Tyrrell McAllister said...

“You have no overarching awareness that brings together the diverse immediate awarenesses of the disparate moments of awareness and experiences them within one unified consciousness, before one mental eye, as it were.” This is where I get lost. What rules this out?

As Scott said, I meant only that the existence of an overarching awareness is not entailed by eternalism, so the fact that we don't observe such an awareness is not evidence against eternalism.

Eternalism per se does not address the question of whether such an entity does or could exist.

(Spinoza's God is such an entity. Aquinas's is not, because his God does not exist in time; it is not temporally extended.)

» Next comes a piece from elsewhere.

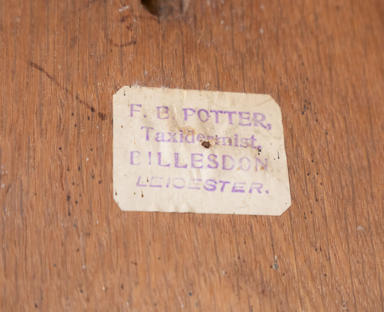 A fantastic late 19th century taxidermy fox mask on a golden oak shield mount. Mounted by F E Potter of Leicestershire.

Tyrrell McAllister said...
This comment has been removed by the author.
Tyrrell McAllister said...

“Even if, at the end of your life, you could recall every prior moment of consciousness, that recollection would be a different experience from the vivid sense of direct experience that those prior moments possessed.” Wouldn’t recalling every prior moment of consciousness include the “vivid sense of direct experience?” If no, then why not?

I was referring to the difference between (1) perceiving an apple before your eyes and (2) recalling that perception of that apple one year later. These are different experiences. Unless we are laboring under a severe delusion, we are never confused about which one we are doing. In particular, no moment of consciousness experiences both (1) and (2). One moment experiences (1), and another, later, moment experiences (2).

Steven Garmon said...

Some Thomistic back-up would be most obliged here:


http://www.theaunicornist.com/2013/07/christian-apologetics-endlessly-moving.html?m=1#disqus_thread

Anonymous said...

Here's the objection

"If God is pure actuality, then he cannot possibly change; any act of will or mind represents a change in potentiality to actuality, which would by definition include a willful act of creation. If you define God as pure actuality, then you've just conjured up a static being that can have no thoughts and do nothing... which ironically is a lot like what atheists say about God!"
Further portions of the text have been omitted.